If Caro drinks a little too much for Clay's liking, he knows the reason why, and he takes comfort in the fact that she can escape to the island in the Lowcountry that her beloved Granddaddy left her. Wild and seemingly timeless, the island is a place of incomparable, breathtaking beauty -- and it is the one place where Caroline can lose herself and simply forget. Roaming the island is a band of wild ponies whose freedom and spirit have captivated Caro since she was a child. When she learns that her husband must either develop the island or lose the company that he spent his whole life building, she is devastated. The Lowcountry is Caroline's heritage -- the one constant she believed would never change. A resort would not only tame (and therefore destroy) the island she loves -- but what will happen to the wild ponies?
Spurred to action and inspired with new purpose, Caroline must confront the part of herself that she has numbed with alcohol and careful avoidance, and she must reconsider her priorities -- what is important enough that she would die for it? In fighting to save the island--her island -- Caroline draws on an inner strength that forces her to reconsider her role in society, her marriage and, ultimately, herself.
Low Country is a story of personal renewal and transformation -- one woman's proper Old South upbringing and expectations colliding with the new South's runaway prosperity. It is magnificently told, and it is Anne Rivers Siddons at her absolute best.
Synopsis
The bestselling author of last summer's blockbuster, Up Island (16 weeks on the New York Times list), presents the empowering story of a woman's life-changing fight to save an island of wild ponies.
Caroline Aubrey Gentry Has Everything Her Southern Heritage promised: money, prestige, a rich husband. If she drinks a little too much and her 20-year marriage to successful land developer Clay seems a little empty, well, she's doing what she was born to do: be the chatelaine of a magnificent home and a hostess to her husband's wealthy friends and perspective clients.
Her numbing routine of country-club luncheons, cocktail parties, and increasing isolation is interrupted, however, when Caroline finds out that her tycoon husband plans to build a resort on a beautiful untouched island in South Carolina's low country. The island is a quiet haven, rich in low country history and meaningful memories from Caroline's youth. But most important to Caroline, his plans will mean the devastation of a band of wild ponies that roam freely across the island. Spurred to action and inspired with new purpose, Caroline must confront the life she has been leading and reach deep within herself to save this special place out of her past, and ultimately, make a meaningful life for herself.

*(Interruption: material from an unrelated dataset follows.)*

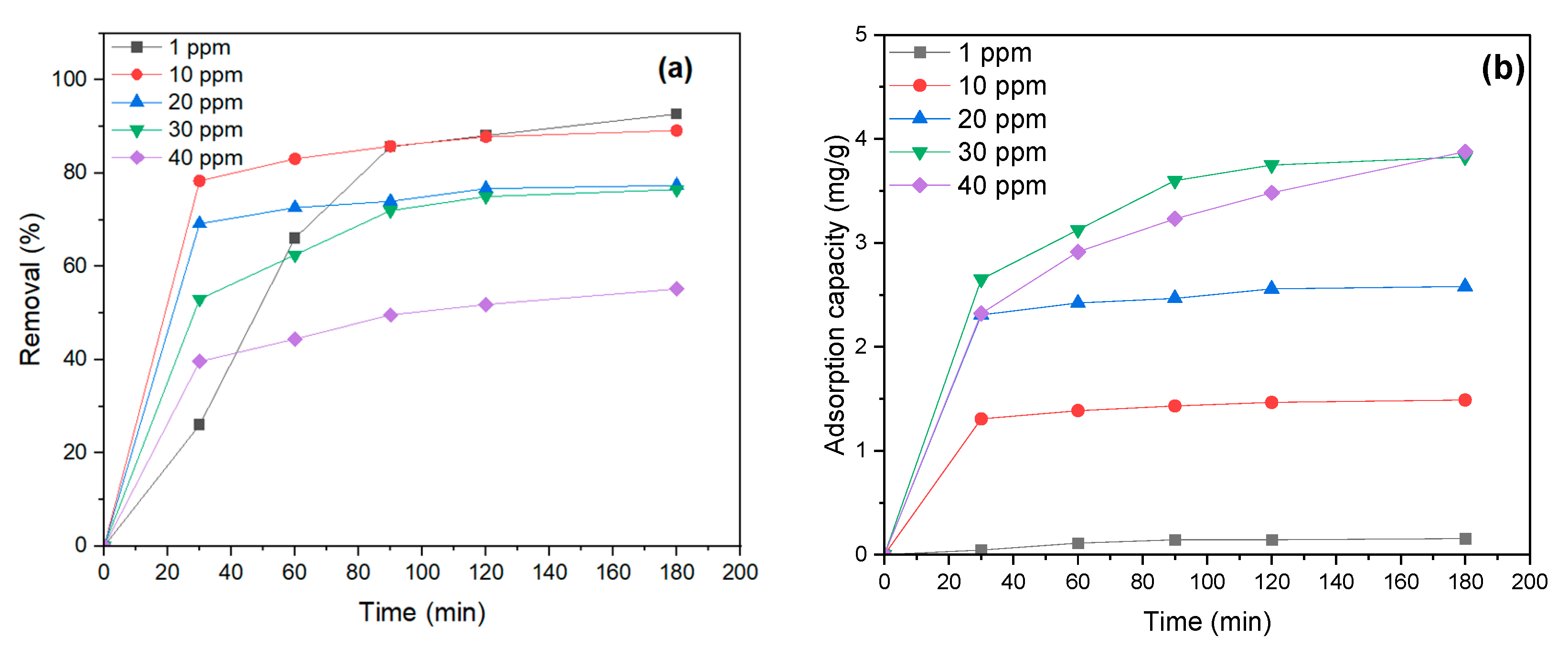 - Hosseinzadeh, H.; Ramin, S. Effective removal of copper from aqueous solutions by modified magnetic chitosan/graphene oxide nanocomposites. Int. J. Biol. Macromol. 2018, 113, 859–868. [Google Scholar] [CrossRef] [PubMed]

Siddons at her best, Low Country is a story of personal renewal and transformation, when one woman's proper Old South upbringing collides with the New South's runaway prosperity.
About the Author
Anne Rivers Siddons's bestselling novels include Nora, Nora; Sweetwater Creek; Islands; and Fox's Earth. She is also the author of the nonfiction work John Chancellor Makes Me Cry. She and her husband divide their time between Charleston, South Carolina, and Brooklin, Maine.